Restricted subsidiaries’ cash flows and assets can be used to service the debt of the parent holding company. This benefits creditors of holding companies because their debt is pari passu with the debt of restricted subsidiaries, rather than be structurally subordinated. Restricted subsidiaries are typically the holding company’s larger subsidiaries that have significant assets.
1. Could someone explain the differences between restricted and unrestricted subsidiaries?
2. Based on the text above, does it mean that a parent company isn’t allowed to use CF and assets from an unrestricted subsidiaries to service the debt?
3. “Restricted subsidiaries are typically the holding company’s larger subsidiaries that have significant assets.” does this means smaller subsidiaries are usually unrestricted? If so, what is the benefit of being ‘unrestricted’ ?
1. The main difference between restricted and unrestricted subsidiaries is that in a restricted subsidiary the subsidiary debt is structurally subordinate to the parent’s debt. Or in plain English when a subsidiary is restricted the parent’s debt ranks above the subsidiary’s debt.
2. I’m not totally sure about that because I recall reading somewhere that the parent can move subsidiaries from restricted and unrestricted category. It would depends on the bond’s indenture and how the relationship is stipulated between the parent and subsidiary. But from my understanding the parent can’t use cash flow from the unrestricted subsidiary if it will adversely affect the subsidiary’s bondholders.
3. The benefit of being unrestricted is that subsidiary’s debt is NOT structurally subordinate to the parents and may be able to command a higher credit rating and therefore the borrowing cost is lower.
I think all 3 points are best understood by looking at what restricted and unrestricted subsidiaries are.
Restricted and unrestricted subsidiaries are terms that are defined by a specific loan agreement or indenture, whereby restricted subsidiaries are subsidiaries identified by the agreement that need to comply with certain covenants, pledge collateral and so on. Unrestricted subsidiaries are ‘outside of the system’ and have nothing to do with the loan agreement.
So when you refer to ‘service the debt’ here, you’re actually talking about a very specific loan, not just any debt.
Hence to your point 2, it’s not that the parent company isn’t allowed to use CF and assets from unrestricted subsidiaries to service the (specific) debt. They probably can achieve that by using intercompany loans and other agreements. It’s more the point that the restricted subsidiaries are required to service the debt by agreement.
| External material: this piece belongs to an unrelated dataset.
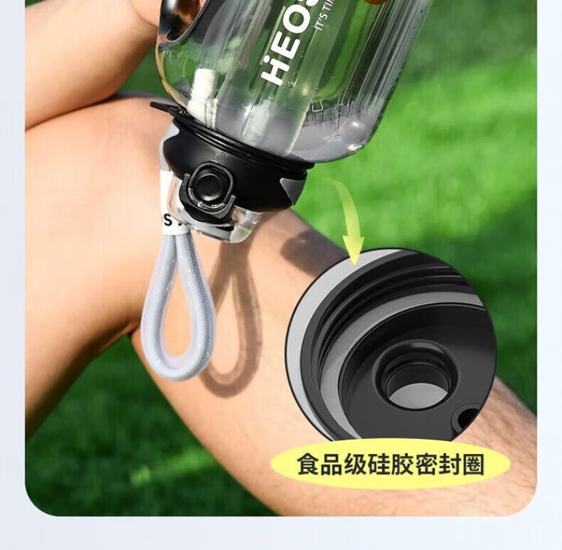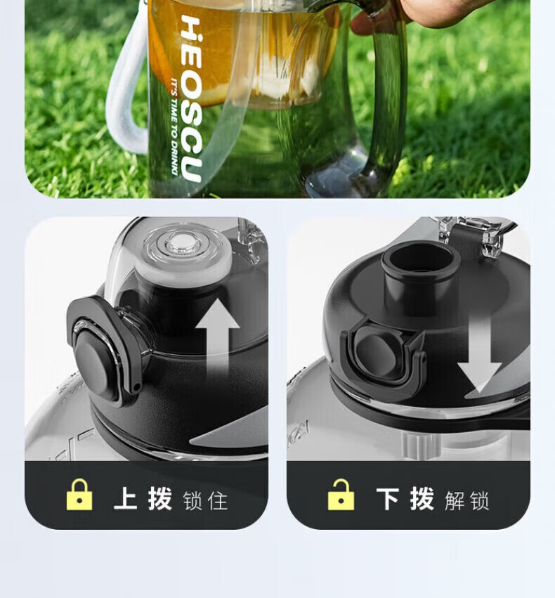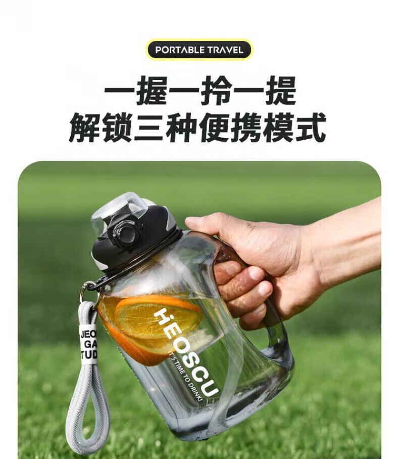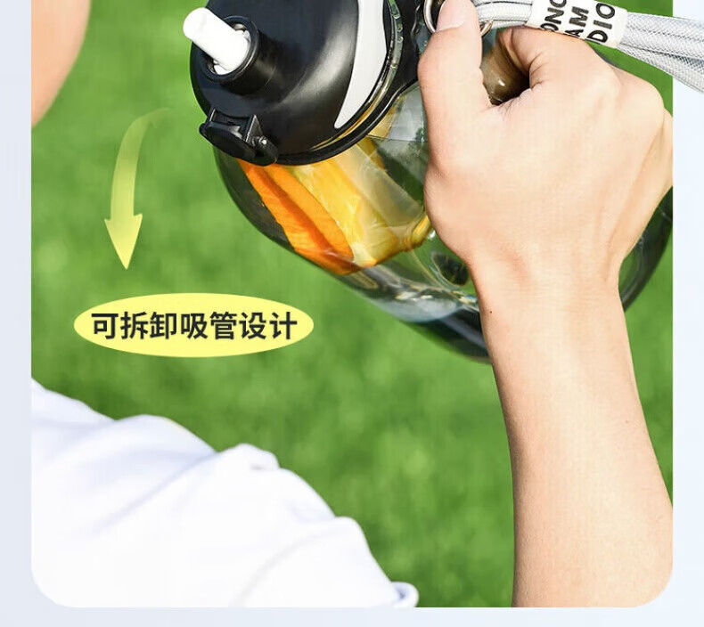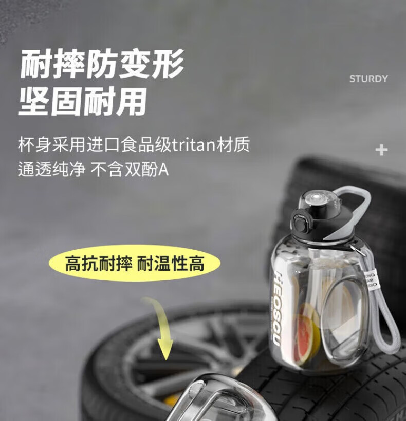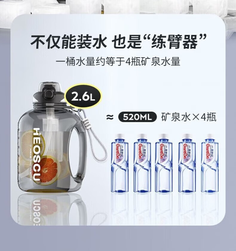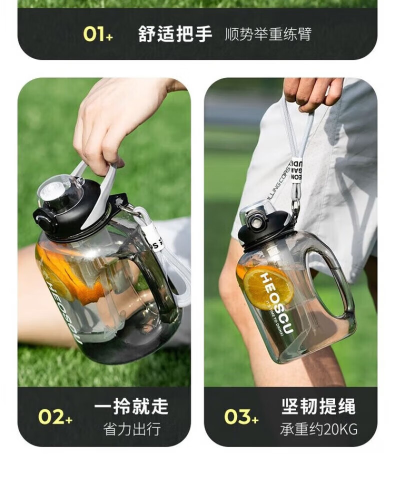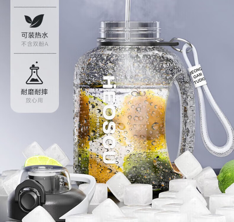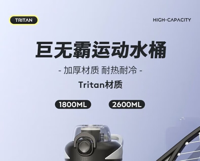 AILUKI日本水杯大容量耐高温吨杯吨桶夏天tritan新款男女运动健身便携 运动黑限量促销【Tritan/茶仓】 2600ML【双饮口/耐高温/提绳】

Point 3 – when drafting terms of the agreement, usually the subsidiaries you’d want to list as restricted are the large significant ones (as they have a better chance of guaranteeing the debt properly). Again, it’s down to the specific agreements and there isn’t a strict rule on what ‘should’ be restricted or not. To that end, I suppose the benefit of being unrestricted is as @diya says – better credit rating and generally need not adhere to the covenants as stipulated by the loan agreement.
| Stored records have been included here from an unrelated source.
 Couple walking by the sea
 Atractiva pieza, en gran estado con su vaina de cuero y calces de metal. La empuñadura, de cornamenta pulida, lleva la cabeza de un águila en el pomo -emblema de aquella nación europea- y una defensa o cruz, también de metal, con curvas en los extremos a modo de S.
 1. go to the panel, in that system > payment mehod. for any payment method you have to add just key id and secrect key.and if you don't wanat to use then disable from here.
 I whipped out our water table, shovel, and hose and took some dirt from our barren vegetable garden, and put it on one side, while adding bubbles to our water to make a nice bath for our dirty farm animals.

@diya – your first statement sounds contradictory to @vincentt’s. The other way around?
My thinking is:
1. The difference between restricted vs. unrestricted subsidiaries is that restricted ones are tied to the debt covenants of the parent issuer, whereas unrestricted one is not. So the debt at parent (issuer) level is pari passu to the restricted subsidiary. This is done to reduce credit risk for bond holders (and thus borrowing cost for issuer) as there are more assets that are governed by the debt covenants, and if all fails, bondholders have access to assets of the restricted subsidiary. This is normally done when the parent company is a holding company and has various subsidiaries, but the debt is to be issued at “parent/Hold Co level” – so bond investors want to ‘ringfence’ more assets as this Hold Co is just an empty holding company.
2. Not necessarily, parent company can use cash from unrestricted subsidiaries through other arrangements such as inter-company loans etc. But debt covenants only covers HoldCo and its restricted subsidiaries.
3.Not necessarily, restricted subsidiaries can be of any choice structured during the debt issuance, but usually it’s worth a lot (or going to be) in terms of asset, to reduce credit risk of the issuer. If a subsidiary is unrestricted, it is not bound by the rules under the debt covenants, which for example may impose certain interest coverage ratio, or have a maximum borrowing % in the capital structure etc – all limitations/restrictions done to protect the interest of the bondholders.